# The data:

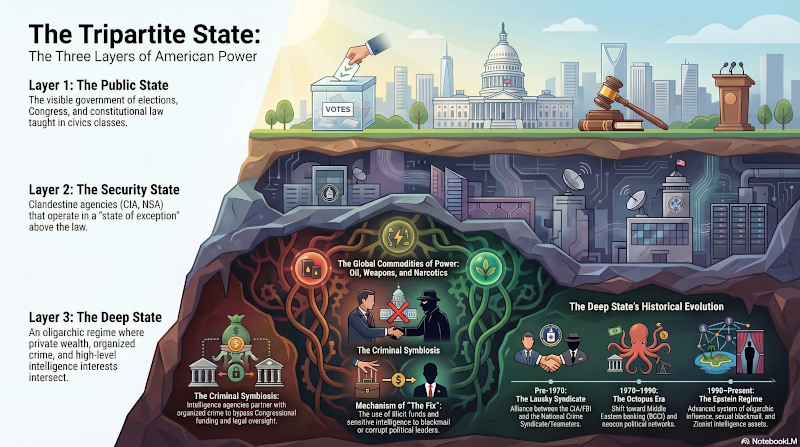 El texto incluye una entrevista con el Dr. Aaron Good, autor de American Exception: Empire and the Deep State, quien cuestiona la visión tradicional de Estados Unidos como una simple democracia liberal. Propone un modelo de gobierno tripartito compuesto por el Estado público, el Estado de seguridad nacional y un "Estado profundo" que opera mediante el poder extralegal y oligárquico. Este marco sugiere que, desde la Segunda Guerra Mundial, Estados Unidos ha funcionado como un imperio criminalizado que mantiene el dominio capitalista global a través de operaciones clandestinas y alianzas con el crimen organizado. El análisis destaca eventos históricos como el asesinato de JFK y el narcotráfico como evidencia de una relación simbiótica entre las agencias de inteligencia y los sindicatos ilícitos. Además, la fuente explora cómo los intereses sionistas y la influencia neoconservadora han moldeado la política exterior estadounidense, a menudo mediante chantaje político y financiación encubierta. En última instancia, Good argumenta que esta ilegalidad institucionalizada es una característica inherente del régimen estadounidense moderno, y no una serie de fallos accidentales.
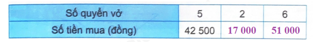 a) Giá tiền của 1 quyển vở là: 42 500 : 5 = 8 500 (đồng)
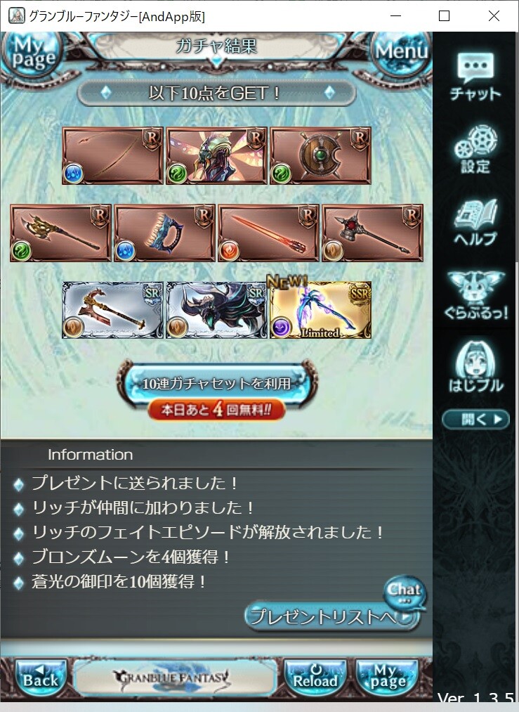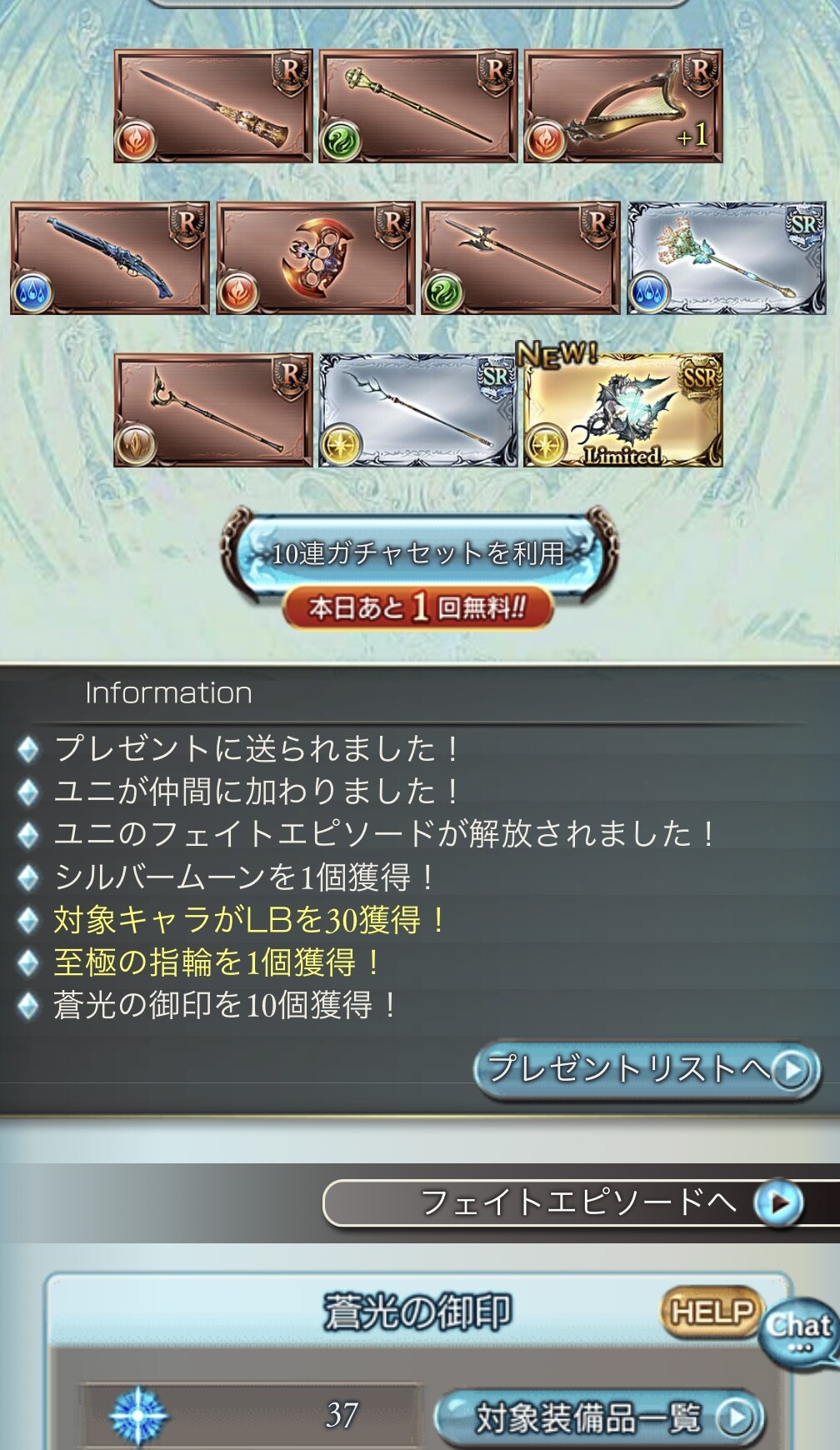 10連だけど明日にはガチャピンモードなので狙い通りではある

# What you should do:
Give back the whole listing exactly, without pictures.

# The completed task:
 El texto incluye una entrevista con el Dr. Aaron Good, autor de American Exception: Empire and the Deep State, quien cuestiona la visión tradicional de Estados Unidos como una simple democracia liberal. Propone un modelo de gobierno tripartito compuesto por el Estado público, el Estado de seguridad nacional y un "Estado profundo" que opera mediante el poder extralegal y oligárquico. Este marco sugiere que, desde la Segunda Guerra Mundial, Estados Unidos ha funcionado como un imperio criminalizado que mantiene el dominio capitalista global a través de operaciones clandestinas y alianzas con el crimen organizado. El análisis destaca eventos históricos como el asesinato de JFK y el narcotráfico como evidencia de una relación simbiótica entre las agencias de inteligencia y los sindicatos ilícitos. Además, la fuente explora cómo los intereses sionistas y la influencia neoconservadora han moldeado la política exterior estadounidense, a menudo mediante chantaje político y financiación encubierta. En última instancia, Good argumenta que esta ilegalidad institucionalizada es una característica inherente del régimen estadounidense moderno, y no una serie de fallos accidentales.
 a) Giá tiền của 1 quyển vở là: 42 500 : 5 = 8 500 (đồng)
 10連だけど明日にはガチャピンモードなので狙い通りではある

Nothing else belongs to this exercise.